Eastern Kentucky anglers should hit 710-acre Carr Creek Lake in Knott County for both white and black crappie. The white crappie in Carr Creek can reach 16 inches, while the black crappie mainly run from 9 to 12 inches long. The lake has a 9-inch minimum size limit on crappie.

Fisheries personnel placed a mixture of pallet stacks and Christmas trees for habitat in Carr Creek and hinge cut trees along the shoreline. Anglers should probe these areas with live minnows, 2-inch chartreuse curly-tailed grubs or blue and white tube jigs rigged on 1/16-ounce leadheads for crappie.

Just like on Shanty Hollow, the GPS coordinates of these fish holding structures are on the fw.ky.gov website under the “Where to Fish” tab.

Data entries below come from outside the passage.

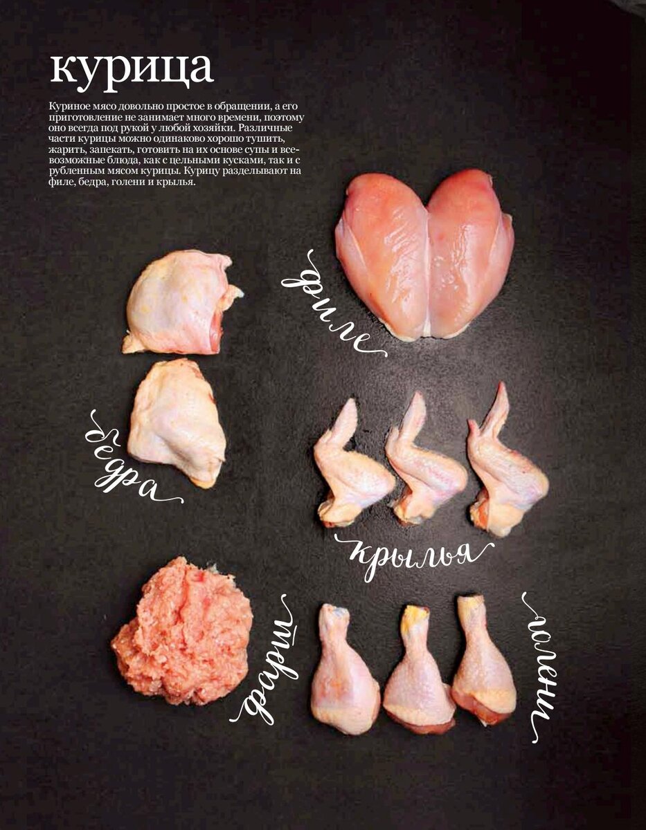Куриная тушка делится на следующие части: Самыми жирными частями курицы являются кожа, крылья, гузка и окорочка. Правильная разделка курицы: как разделать курицу на порционные куски Кому неохота вникать в нюансы разделки, можно дать только один совет: запекайте или отваривайте тушку целиком — вопрос будет решен. Остальным ;t, кому это интересно, стоит продолжить экскурсию в мир разделки. Вариантов разделаться с куриной тушкой существует несколько. Если делить куриную тушку на части по классической схеме, то в результате получится 8 кусков. Основные способы разделки птицы Разделка без отходов Используется, когда необходимо из тушки сделать большее количество полуфабрикатов в запас и получить ассорти на бульон. Разделка производится на средние кусочки. Разделка порционная Курица делится па порционные куски, все лишние выбрасывается. Такой вариант хорош, когда предполагается запекать или жарить. Для такой разделки потребуется набить руку. Она может получиться не с первого раза. Только уп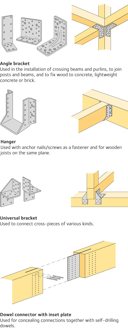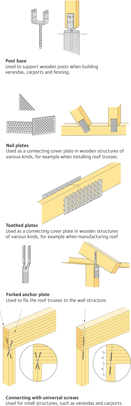 Structural fixings for making connections come in around 20 variants. They are generally sendzimir galvanised, hot-dip galvanised or stainless steel, and furnished with a large number of holes for nails or screws. The number of nails or screws required and the holes that should be used depend on which forces the fixing is transferring. Anchor nails and anchor screws are designed for maximum load uptake between fixing and underlying wood. This is determined in the design process or in simpler cases using the manufacturer’s information.
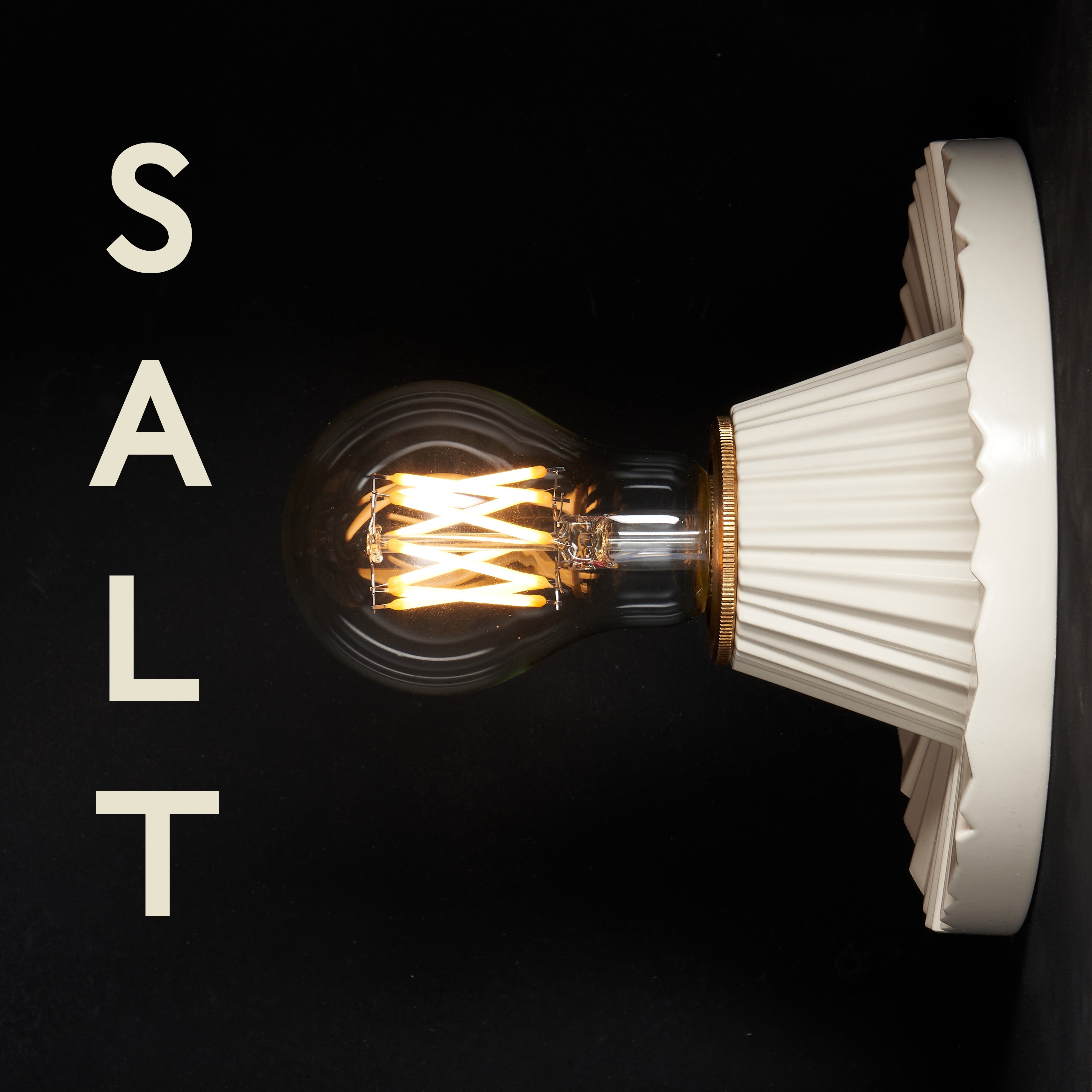 A light designed to fit almost any space. The Crinkle celebrates the Edison bulb and works perfectly as an alternative to unsightly spotlights. Its uneven, ridged surface beautifully reflects and catches light in different ways as you walk around it. The Crinkles work well on their own, but also sit nicely around a bigger central pendant towards each corner of the ceiling. They look striking as a wall light with a silver capped bulb too. Each light is made entirely in the UK and cast in solid aluminium. Salt is understated and on a white ceiling can look like a blended yet subtly varied continuation of the surface. Salt also works well on a coloured or wallpapered wall or ceiling, providing a calming contrast that allow stronger colours around it to sing.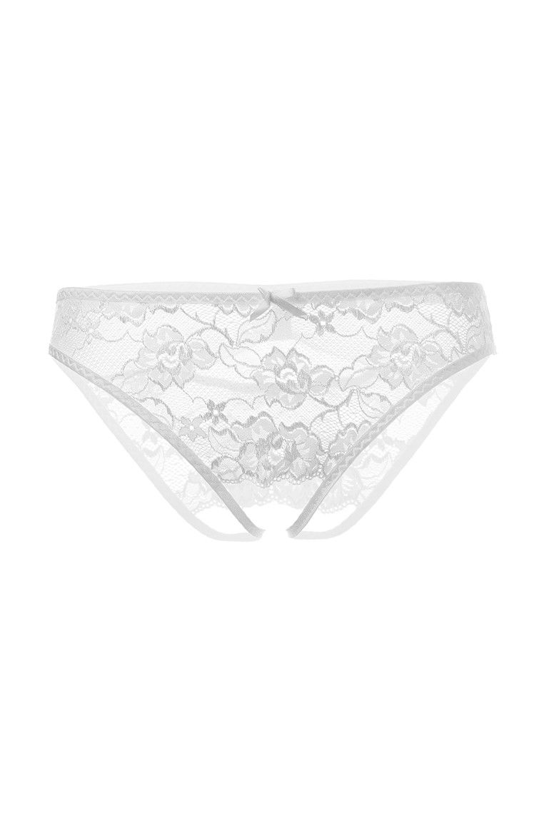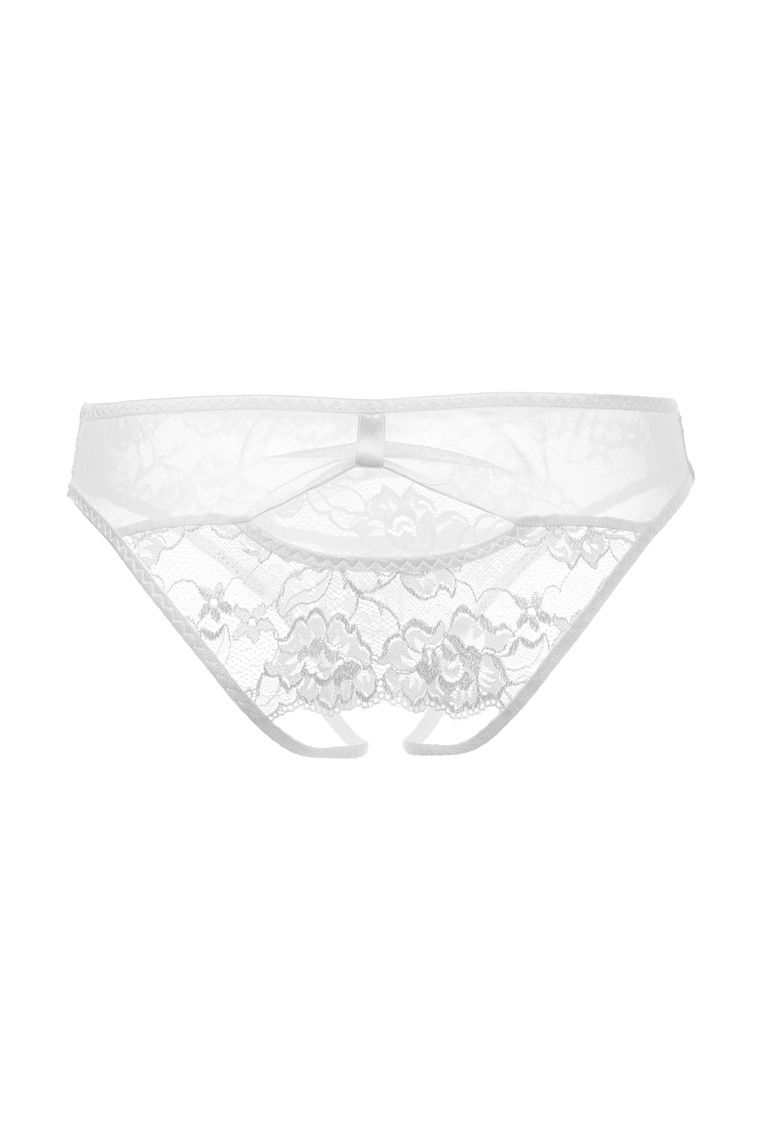 Эти очаровательные трусики с бантом станут для любимого настоящим сюрпризом. Выполненные из красивого кружева с крупным цветочным узором, они притянут взгляды к вашим бёдрам. Стоит вам чуть раздвинуть ножки или повернуться к милому спинкой, чтобы его целиком охватило сексуальное желание. Виной тому вырез, открывающий доступ и к нежному бутону, и к ложбинке попки. Сетчатый поясок, похожий на бант, и ажурная перемычка придадут виду сзади дополнительной пикантности.

Crappie time is now on these smaller waters. All you need is some time along with a few lures or minnows to catch the makings of a world class meal. You will also need a valid Kentucky fishing license, as the new license started March 1.

Author Lee McClellan is a nationally award-winning associate editor for Kentucky Afield magazine, the official publication of the Kentucky Department of Fish and Wildlife Resources. He is a life-long hunter and angler, with a passion for smallmouth bass fishing.